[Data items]

*-*-*

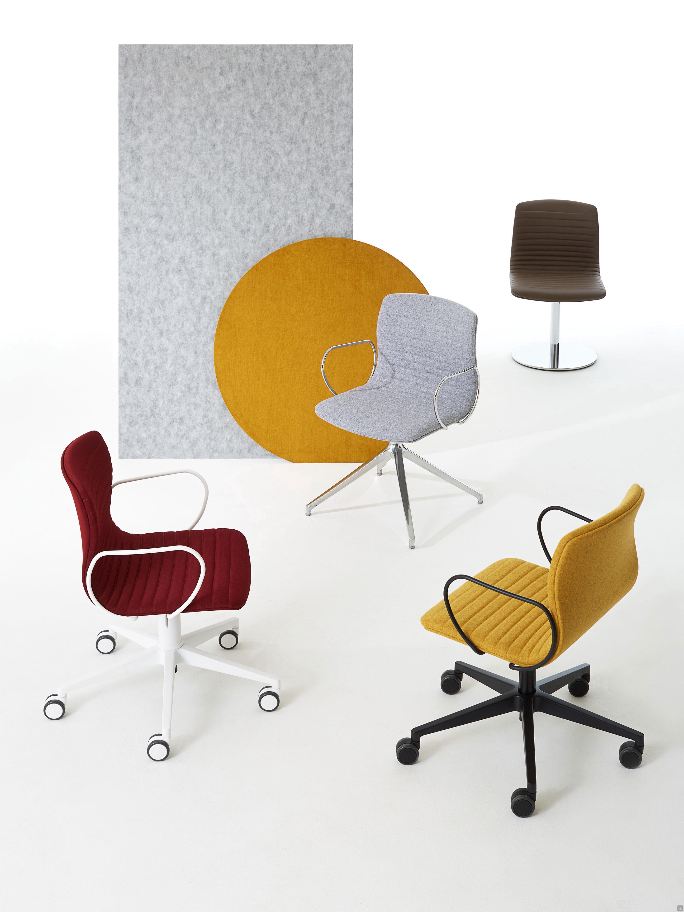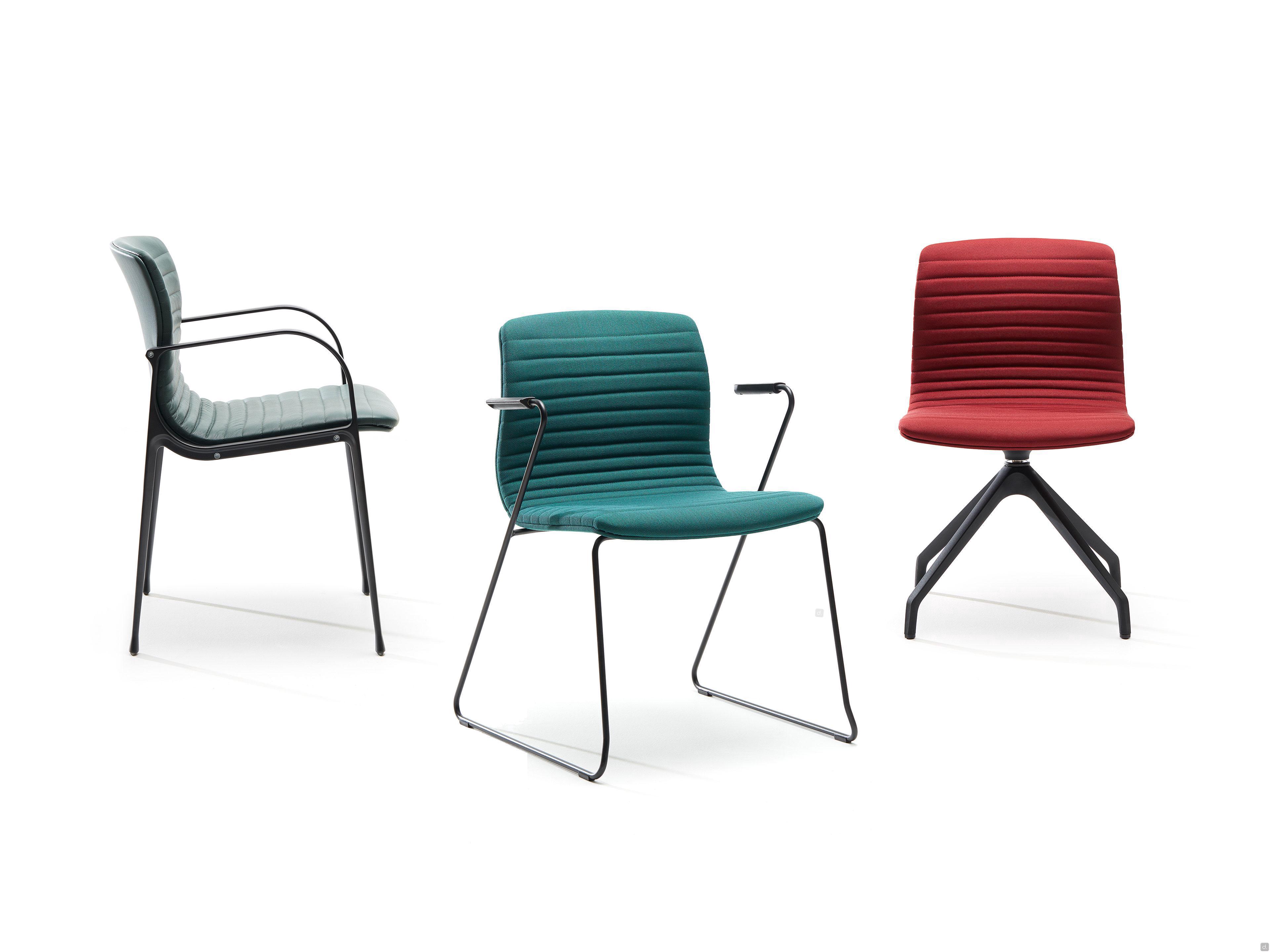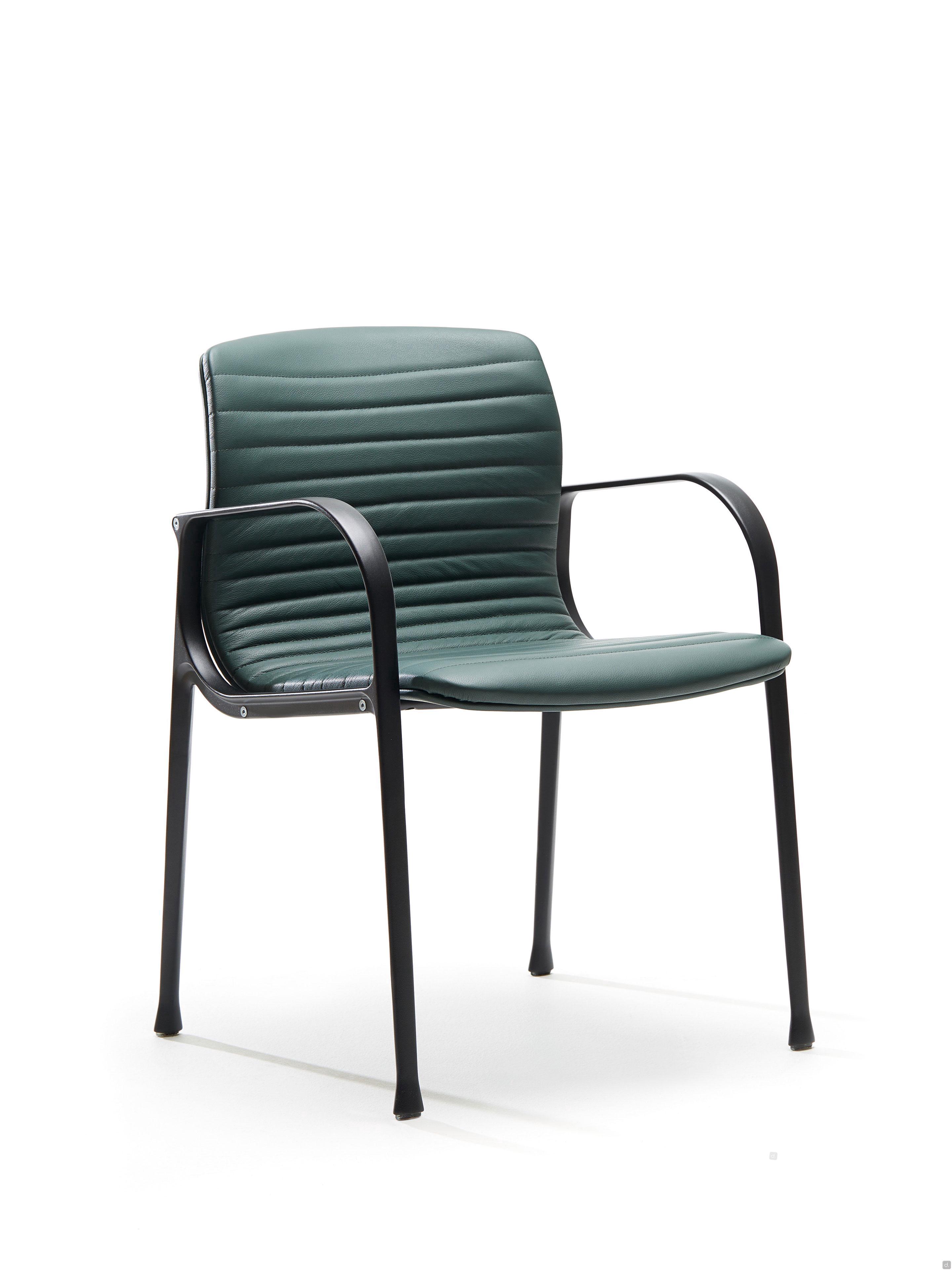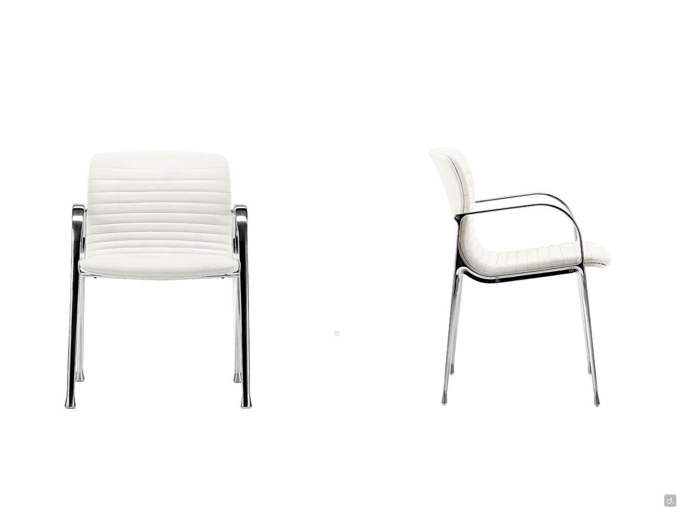 Mark est proposée pour hôte fixe avec pieds ou base en porte-à-faux, dans la version opérative avec dossier bas ou moyen et directionnel, complète d'accoudoirs fixes en tubulaire en métal ou aluminium en 4 finitions.
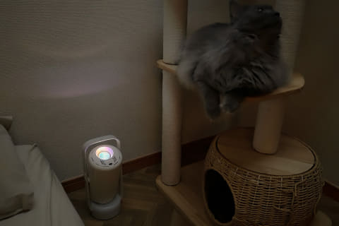 惜しい点としては、レンズの近くを通ったら消灯するといった安全機能がないこと。我が家は猫がいるので、近づいてくるとサッと手でレンズを隠すことに。価格を考えれば、求めすぎかもしれませんが、ペットや小さなお子さんがいる家庭は留意したいところです。
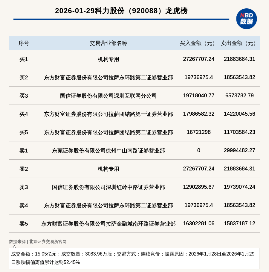 每经讯,2026年1月29日,北交所上市公司科力股份(920088,收盘价:60.51元)登上龙虎榜,交易方式是连续竞价,披露原因是2026年1月28日至2026年1月29日涨跌幅偏离值累计达到52.45%,成交数量3083.96万股,成交金额15.05亿元。买一席位为机构专用,买入2726.77万元;卖一席位为东莞证券股份有限公司徐州中山南路证券营业部,卖出2999.45万元。
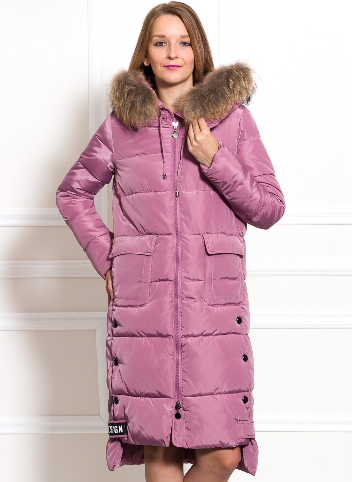 Dámská zimní bunda s cvoky v růžové barvě. Bunda má délku ke kolenům. Součástí bundy je kapuce, na které je pravá liška. Bunda má zapínání na zip a je volnějšího oversize střihu. Po stranách má bunda kapsy na patenty. Dolní část je dozdobena výraznými cvoky a černým lemem s nápisem. Zadní strana je delší než přední. Hodí se ke každodennímu nošení.
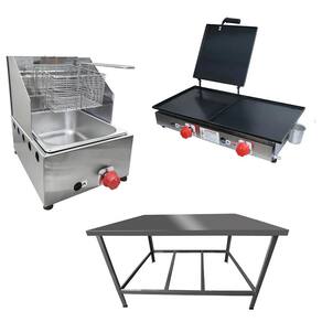 Esse Kit conta com Mesa de Manipulação para você preparar os alimentos, Fritadeira para fritura de suas porções e uma Chapa para preparação do seu cardápio!
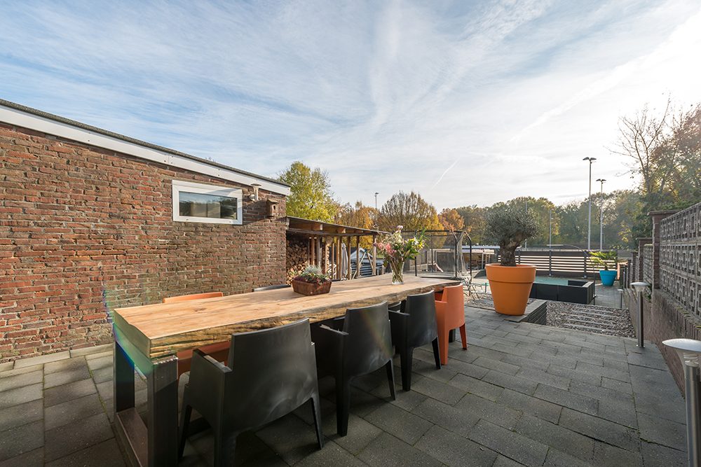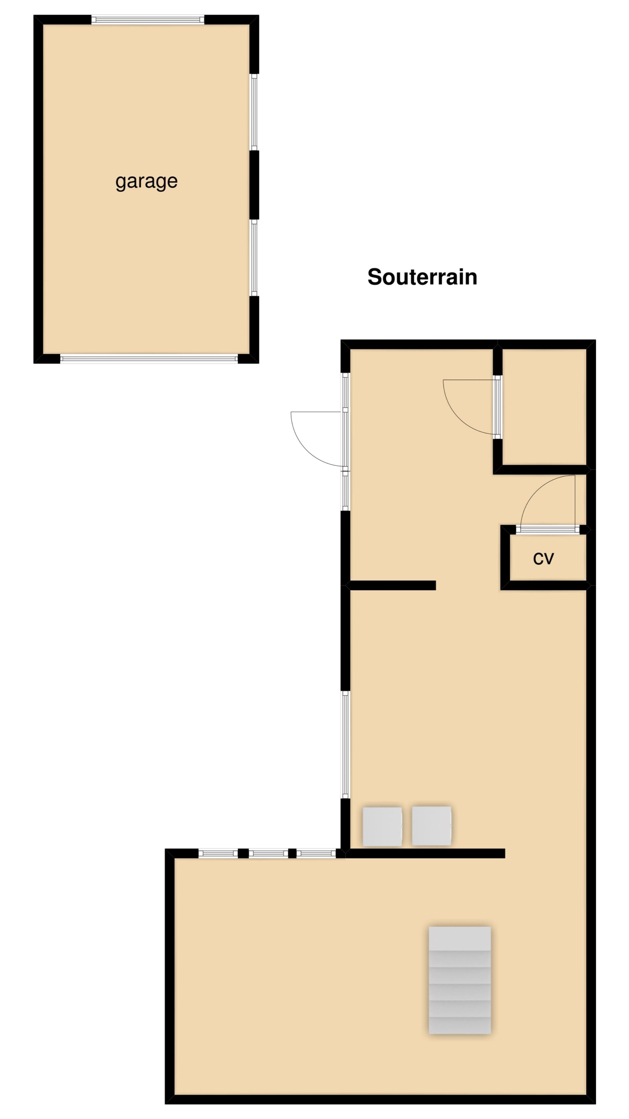 Uitgang naar een verbindingstrap met de lager gelegen tuin.
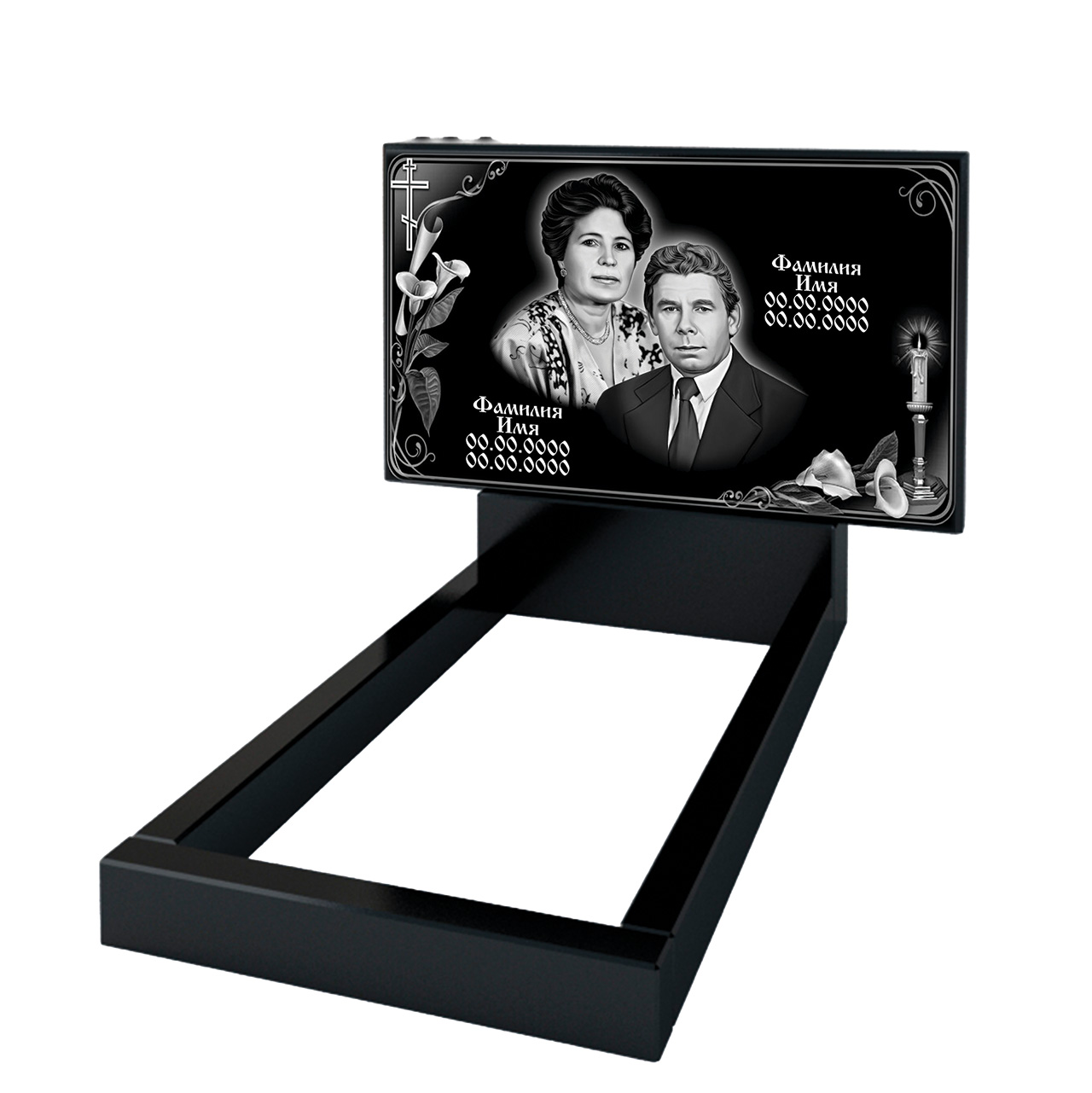 Памятник из габбро-диабаза с горизонтальной стелой — семейный комплект
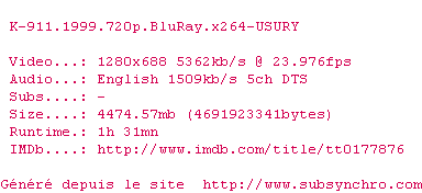 Voir le nfo de la release K-911.1999.720p.BluRay.x264-USURY
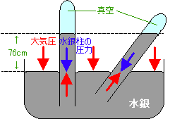 大気圧の大きさ=水銀柱の重さによる圧力1気圧=760mmHg
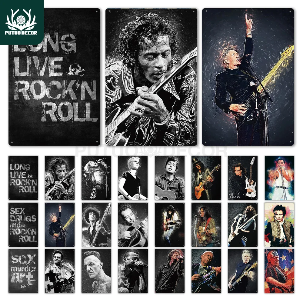 Металлический постер Putuo Decor Rock Roll, винтажный жестяной плакат, металлическая настенная декоративная тарелка для гостиной, мужской пещеры, клуба
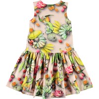 Candece är en klänning i trycket 'Tutti Frutti', som är fylld med tropiska frukter. Klänningen har en tanktopp inspirerad överdel och volang med vidd och är något längre baktill.
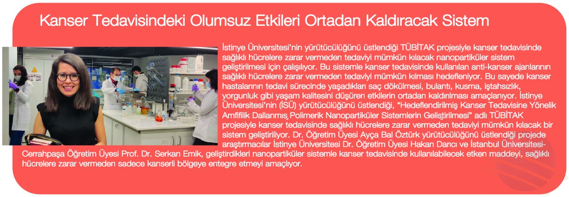 İstinye Üniversitesi'nin yürütücülüğünü üstlendiği TÜBİTAK projesiyle kanser tedavisinde sağlıklı hücrelere zarar vermeden tedaviyi mümkün kılacak nanopartiküler sistem geliştirilmesi için çalışılıyor. Bu sistemle kanser tedavisinde kullanılan anti-kanser ajanlarının sağlıklı hücrelere zarar vermeden tedaviyi mümkün kılması hedefleniyor. Bu sayede kanser hastalarının tedavi sürecinde yaşadıkları saç dökülmesi, bulantı, kusma, iştahsızlık, yorgunluk gibi yaşam kalitesini düşüren etkilerin ortadan kaldırılması amaçlanıyor. İstinye Üniversitesi'nin (İSÜ) yürütücülüğünü üstlendiği, "Hedeflendirilmiş Kanser Tedavisine Yönelik Amfıfilik Dallanmış, Polimerik Nanopartiküler Sistemlerin Geliştirilmesi" adlı TÜBİTAK projesiyle kanser tedavisinde sağlıklı hücrelere zarar vermeden tedaviyi mümkün kılacak bir sistem geliştiriliyor. Dr. Öğretim Üyesi Ayça Bal Öztürk yürütücülüğünü üstlendiği projede araştırmacılar İstinye Üniversitesi Dr. Öğretim Üyesi Hakan Darıcı ve İstanbul Üniversitesi Cerrahpaşa Öğretim Üyesi Prof. Dr. Serkan Emik, geliştirdikleri nanopartiküler sistemle kanser tedavisinde kullanılabilecek etken maddeyi, sağlıklı hücrelere zarar vermeden sadece kanserli bölgeye entegre etmeyi amaçlıyor.
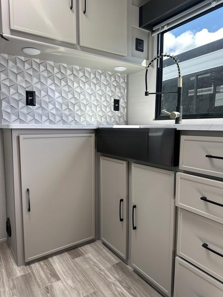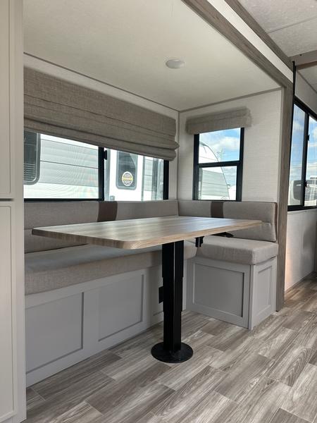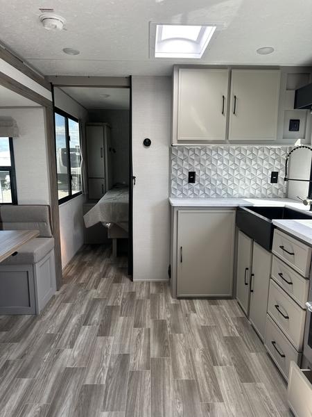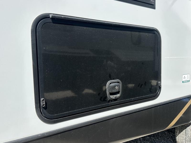This Vibe trailer has tons of space and great features! Kids will love the bunkroom with its oversized 40" x 74" bunk beds. Adults will prefer the front bedroom with its custom king bed, wardrobe, and nightstand with USB and CPAP prep. Underbed storage and prep for another TV complete the picture. The kitchen has an efficient layout with a 5-person dinette, sink, electric oven, and pantry. A 40" TV in the living room is perfect for rainy days or quiet nights. Outside you will appreciate the large pass-through storage.
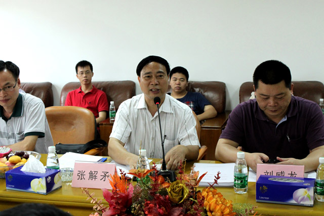 圖為我集團(tuán)黨委書記張解矛在介紹我集團(tuán)黨委的情況
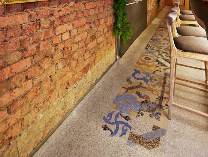 The piazzetta (small square) tiles in the al fresco area were specifically designed to evoke Italian piazzas (town squares or marketplaces).
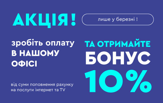 При оплаті в офисе получите бонус на счет +10% от суммы пополнения.
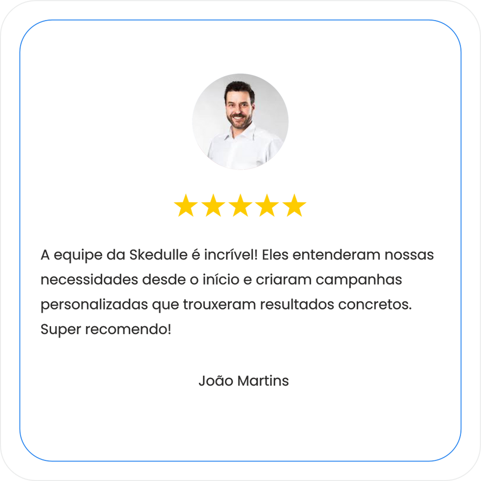 Na Skedulle, ajudamos você a encontrar o plano de marketing ideal para o seu negócio com base nos seus objetivos, público-alvo e setor. Nossa equipe de especialistas desenvolve estratégias personalizadas para aumentar a presença da sua marca e gerar resultados reais.
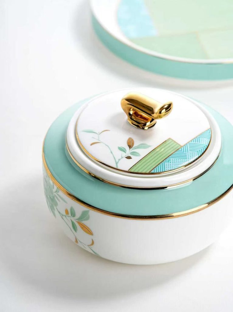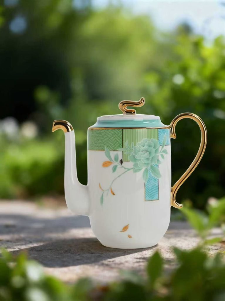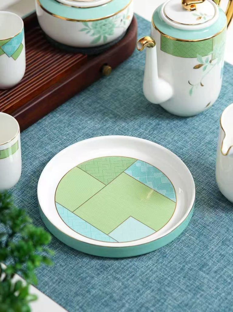 灵感撷取东方园林的窗棂花影与初春新叶。浅绿枝叶婉转舒展,蓝青几何纹样错落其间,勾勒出如烟似雾的朦胧诗意。手绘鎏金线条,如阳光穿过林隙,在瓷器边缘流淌出一道道静谧的光。一壶、一杯、一碟,皆是一幅可品可饮的写意小品。

*-*-*

- _GOAL OF THE EXERCISE_: Transcribe every entry above exactly. Omit all pictures.

- _EXPECTED OUTPUT_:
 Mark est proposée pour hôte fixe avec pieds ou base en porte-à-faux, dans la version opérative avec dossier bas ou moyen et directionnel, complète d'accoudoirs fixes en tubulaire en métal ou aluminium en 4 finitions.
 惜しい点としては、レンズの近くを通ったら消灯するといった安全機能がないこと。我が家は猫がいるので、近づいてくるとサッと手でレンズを隠すことに。価格を考えれば、求めすぎかもしれませんが、ペットや小さなお子さんがいる家庭は留意したいところです。
 每经讯,2026年1月29日,北交所上市公司科力股份(920088,收盘价:60.51元)登上龙虎榜,交易方式是连续竞价,披露原因是2026年1月28日至2026年1月29日涨跌幅偏离值累计达到52.45%,成交数量3083.96万股,成交金额15.05亿元。买一席位为机构专用,买入2726.77万元;卖一席位为东莞证券股份有限公司徐州中山南路证券营业部,卖出2999.45万元。
 Dámská zimní bunda s cvoky v růžové barvě. Bunda má délku ke kolenům. Součástí bundy je kapuce, na které je pravá liška. Bunda má zapínání na zip a je volnějšího oversize střihu. Po stranách má bunda kapsy na patenty. Dolní část je dozdobena výraznými cvoky a černým lemem s nápisem. Zadní strana je delší než přední. Hodí se ke každodennímu nošení.
 Esse Kit conta com Mesa de Manipulação para você preparar os alimentos, Fritadeira para fritura de suas porções e uma Chapa para preparação do seu cardápio!
 Uitgang naar een verbindingstrap met de lager gelegen tuin.
 Памятник из габбро-диабаза с горизонтальной стелой — семейный комплект
 Voir le nfo de la release K-911.1999.720p.BluRay.x264-USURY
 大気圧の大きさ=水銀柱の重さによる圧力1気圧=760mmHg
 Металлический постер Putuo Decor Rock Roll, винтажный жестяной плакат, металлическая настенная декоративная тарелка для гостиной, мужской пещеры, клуба
 Candece är en klänning i trycket 'Tutti Frutti', som är fylld med tropiska frukter. Klänningen har en tanktopp inspirerad överdel och volang med vidd och är något längre baktill.
 İstinye Üniversitesi'nin yürütücülüğünü üstlendiği TÜBİTAK projesiyle kanser tedavisinde sağlıklı hücrelere zarar vermeden tedaviyi mümkün kılacak nanopartiküler sistem geliştirilmesi için çalışılıyor. Bu sistemle kanser tedavisinde kullanılan anti-kanser ajanlarının sağlıklı hücrelere zarar vermeden tedaviyi mümkün kılması hedefleniyor. Bu sayede kanser hastalarının tedavi sürecinde yaşadıkları saç dökülmesi, bulantı, kusma, iştahsızlık, yorgunluk gibi yaşam kalitesini düşüren etkilerin ortadan kaldırılması amaçlanıyor. İstinye Üniversitesi'nin (İSÜ) yürütücülüğünü üstlendiği, "Hedeflendirilmiş Kanser Tedavisine Yönelik Amfıfilik Dallanmış, Polimerik Nanopartiküler Sistemlerin Geliştirilmesi" adlı TÜBİTAK projesiyle kanser tedavisinde sağlıklı hücrelere zarar vermeden tedaviyi mümkün kılacak bir sistem geliştiriliyor. Dr. Öğretim Üyesi Ayça Bal Öztürk yürütücülüğünü üstlendiği projede araştırmacılar İstinye Üniversitesi Dr. Öğretim Üyesi Hakan Darıcı ve İstanbul Üniversitesi Cerrahpaşa Öğretim Üyesi Prof. Dr. Serkan Emik, geliştirdikleri nanopartiküler sistemle kanser tedavisinde kullanılabilecek etken maddeyi, sağlıklı hücrelere zarar vermeden sadece kanserli bölgeye entegre etmeyi amaçlıyor.
This Vibe trailer has tons of space and great features! Kids will love the bunkroom with its oversized 40" x 74" bunk beds. Adults will prefer the front bedroom with its custom king bed, wardrobe, and nightstand with USB and CPAP prep. Underbed storage and prep for another TV complete the picture. The kitchen has an efficient layout with a 5-person dinette, sink, electric oven, and pantry. A 40" TV in the living room is perfect for rainy days or quiet nights. Outside you will appreciate the large pass-through storage.
 圖為我集團(tuán)黨委書記張解矛在介紹我集團(tuán)黨委的情況
 The piazzetta (small square) tiles in the al fresco area were specifically designed to evoke Italian piazzas (town squares or marketplaces).
 При оплаті в офисе получите бонус на счет +10% от суммы пополнения.
 Na Skedulle, ajudamos você a encontrar o plano de marketing ideal para o seu negócio com base nos seus objetivos, público-alvo e setor. Nossa equipe de especialistas desenvolve estratégias personalizadas para aumentar a presença da sua marca e gerar resultados reais.
 灵感撷取东方园林的窗棂花影与初春新叶。浅绿枝叶婉转舒展,蓝青几何纹样错落其间,勾勒出如烟似雾的朦胧诗意。手绘鎏金线条,如阳光穿过林隙,在瓷器边缘流淌出一道道静谧的光。一壶、一杯、一碟,皆是一幅可品可饮的写意小品。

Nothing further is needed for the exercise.